Last week I got an early birthday present from my parents: A Betsey Johnson Hobo Bag from the “Lotsa Luck” collection. Its a gorgeous, yet functional bag with a fun leopard print lining and an adorable horseshoe charm that hangs from the zipper.

The “Lotsa Luck” collection isn’t new, but I fell in love with the bag a while ago and it sold out very quickly, making it a rare find and a fantastic gift.

I’ve always loved fashion, let me rephrase… I’ve always loved clothes, but have had to struggle in my relationship with fashion. Any big girl can find clothes if she wants to, but for a Plus Size Princess to stay fashionable… that’s a different story.

For the past few days I’ve been trotting around New York City with my Betsey, and I can’t help but think about how, because of my size, the only mainstream fashion items I am allowed to sport are accessories – Bags, Earrings, Sunglasses, Hats etc. and even then I’m not completely allowed, like the other day:

I walked into a boutique in the fashion district with a friend and while she jumped straight into the trendy tops and dresses, I hung out near the front of the store looking at some necklaces and rings.

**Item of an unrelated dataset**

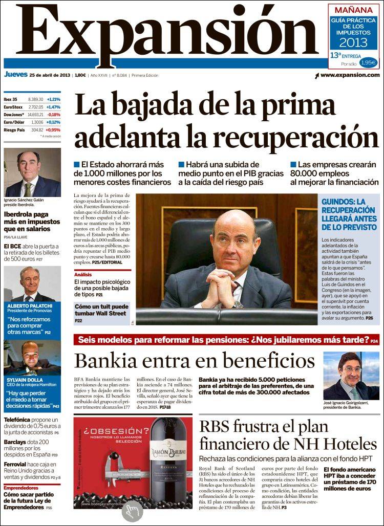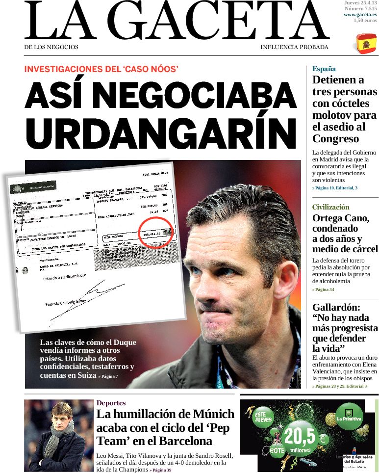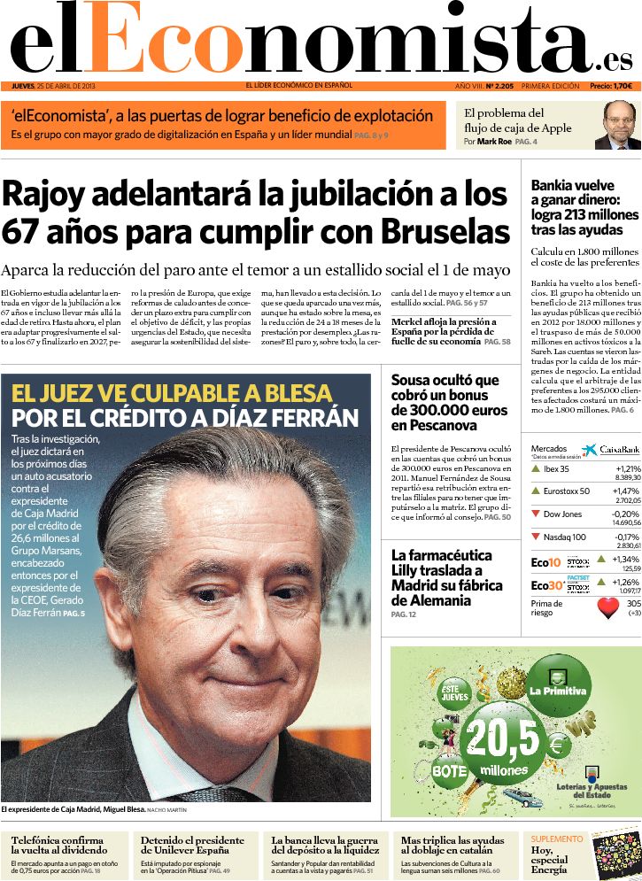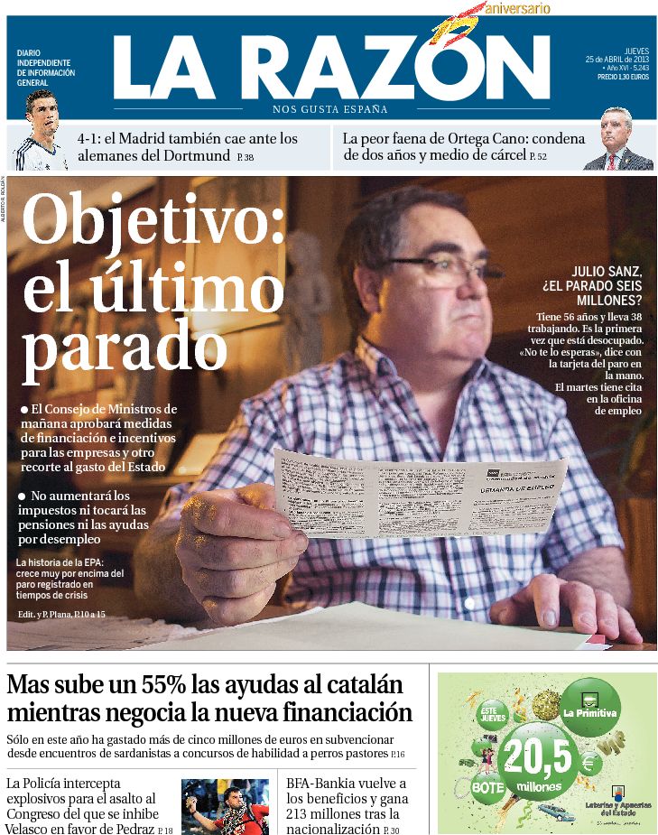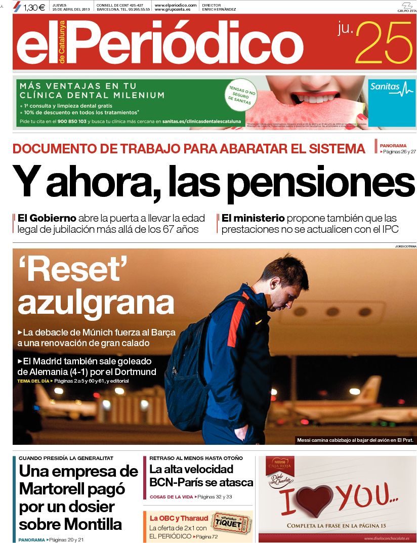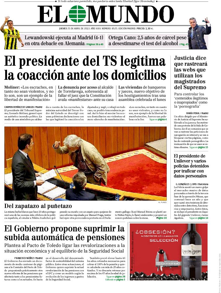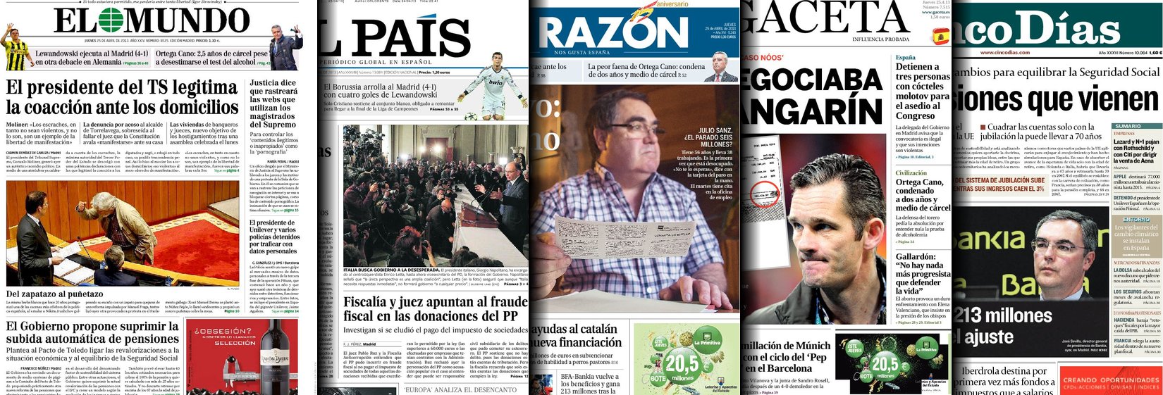 Portadas de los diarios El Mundo, El País, ABC, La Razón, La Vanguardia, La Gaceta, El Periódico, Cinco Días, El Economista, Expansión, Marca, As, Mundo Deportivo y Sport.

A rack of knit hats caught my eye, I walked over to them and as I turned the tag over to look at the price the store owner blurted out “They’re all the same size!”

Even though I love shopping its always been something I’ve done alone or with family, never with girlfriends, because I’ve always been the only plus size girl in my group of friends. Last summer I had a fashion emergency (dont ask) and had to duck into an Ashley Stewart store. Kenzie was with me and even though she probably thought nothing of it, I was so embarrassed. When I was in high school, I adopted the answer “I don’t remember” when girls asked me where I got my clothes. I guess as a 16 year old, the idea of telling my size 2 friends that they’d have to go to Lane Bryant to get the dress they admired on me wasn’t very appealing.

Yes, I know that now some designers are extending themselves to the plus size market, but whether its the sizing (I tried on a Michael Kors winter jacket in a 3x and laughed as I tried to zip it closed) the design (Tommy Hilfiger, must imagine his plus size patrons to all be over the age of 55) or even the name of the line (as a person who never really lost her baby fat, “Baby Phat” isn’t something I want stretched across my body) there always seems to be something awkward about the clothes mainstream designers make for us.

After I finish this entry I’m off to the gym, as I put in time and effort to loose weight, I’ve decided that I just want to get small enough to wear mainstream clothes. I think most mainstream shops go up to a size 10/12. That might be my goal. I have a ways to go, but sometime in the near future I’d like to stop saying “I don’t remember” when people ask me where I got my outfit.